◆ **Assigned task**: Would you please restate the data exactly as it stands, apart from the pictures?

◆ **Provided data**:
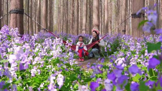 在江苏金湖水上森林公园,水杉林间的100多亩二月兰盛开,吸引众多游客春游踏青,感受春日浪漫。
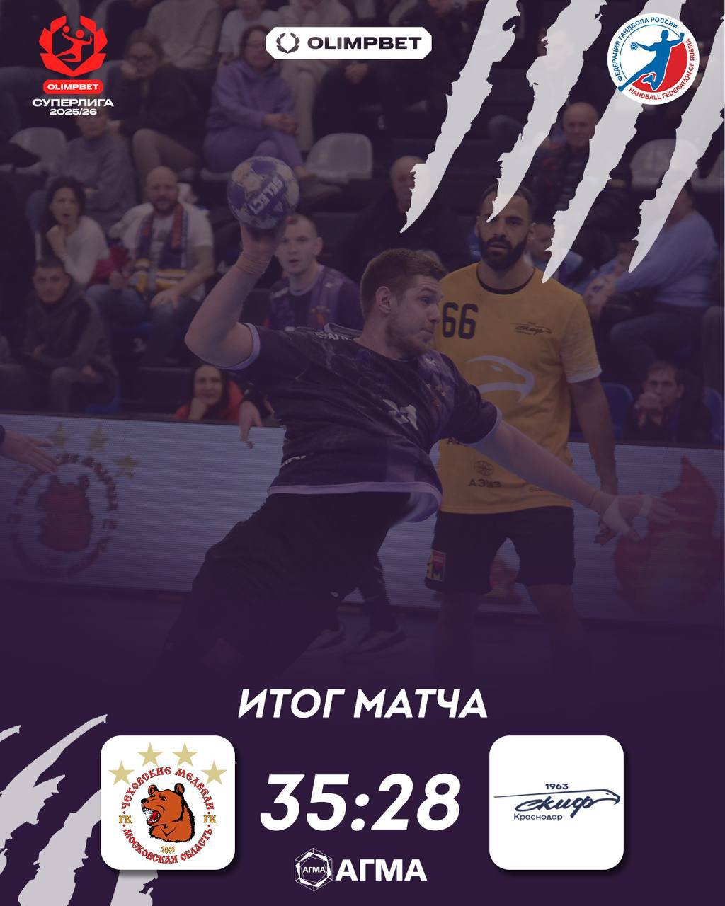 Сегодня, 25 января, «Чеховские медведи» провели домашнюю встречу OLIMPBET Суперлиги чемпионата России по гандболу против краснодарской команды СКИФ. Матч завершился уверенной победой подмосковных гандболистов – 35:28 (18:16).
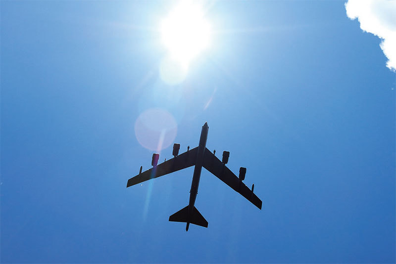 面對中共挑釁,40天內美軍B-52戰略轟炸機四次飛抵南海東沙島。(AFP)
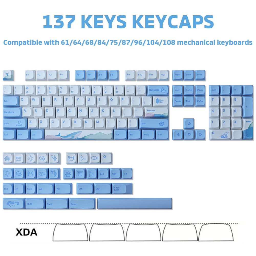 【Widely Compatible】This keycap set contains 137 keys. it can fit most 61/64/68/84/75/87/96/104/108 mechanical keyboards 【Durable PBT Material】With high-quality PBT material and an anti-grease coating, these keycaps provide top-notch durability and an excellent feel for your typing. less prone to grime buildup 【Dye Sublimation Process】The keycap adopts advanced dye sublimation technology, the color pattern is more vivid, not afraid of oil stains, and has a long service life 【XDA Profile】The XDA profile ball cap looks beautiful, increasing the contact surface between the keycap and the fingers, thereby improving the comfort of typing 【Extra-Thick Key Walls】 Provides maximum durability and solid key presses
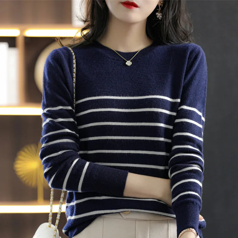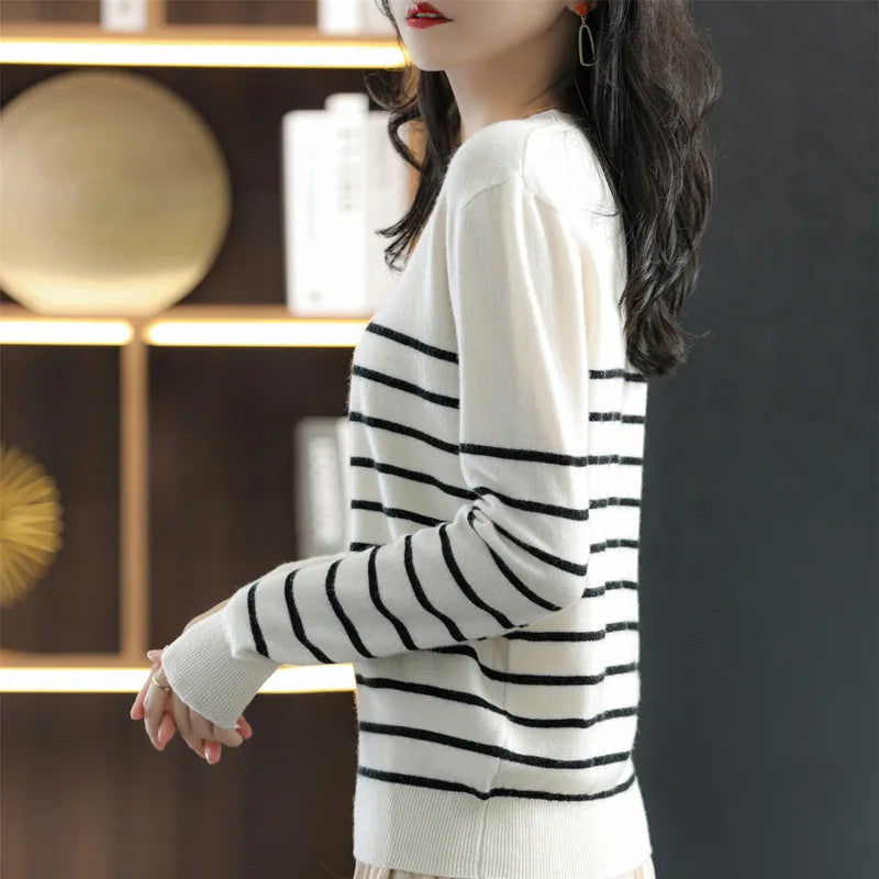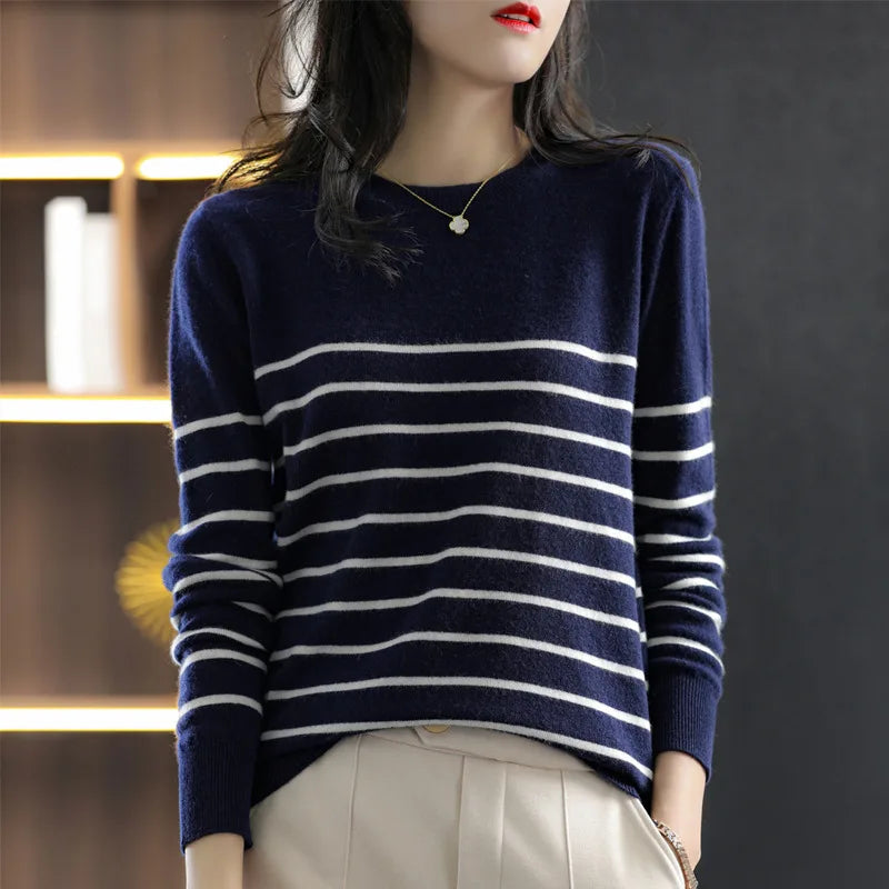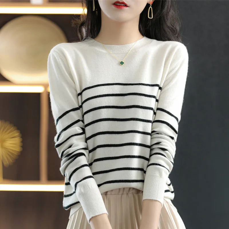 Pure Cotton Line Stripe Pop Sweater Women's Spring And Autumn Blouse Round Neck Knit Loose Inside With Outside Wear Bottom SMY18

◆ **Solution**:
 在江苏金湖水上森林公园,水杉林间的100多亩二月兰盛开,吸引众多游客春游踏青,感受春日浪漫。
 Сегодня, 25 января, «Чеховские медведи» провели домашнюю встречу OLIMPBET Суперлиги чемпионата России по гандболу против краснодарской команды СКИФ. Матч завершился уверенной победой подмосковных гандболистов – 35:28 (18:16).
 面對中共挑釁,40天內美軍B-52戰略轟炸機四次飛抵南海東沙島。(AFP)
 【Widely Compatible】This keycap set contains 137 keys. it can fit most 61/64/68/84/75/87/96/104/108 mechanical keyboards 【Durable PBT Material】With high-quality PBT material and an anti-grease coating, these keycaps provide top-notch durability and an excellent feel for your typing. less prone to grime buildup 【Dye Sublimation Process】The keycap adopts advanced dye sublimation technology, the color pattern is more vivid, not afraid of oil stains, and has a long service life 【XDA Profile】The XDA profile ball cap looks beautiful, increasing the contact surface between the keycap and the fingers, thereby improving the comfort of typing 【Extra-Thick Key Walls】 Provides maximum durability and solid key presses
 Pure Cotton Line Stripe Pop Sweater Women's Spring And Autumn Blouse Round Neck Knit Loose Inside With Outside Wear Bottom SMY18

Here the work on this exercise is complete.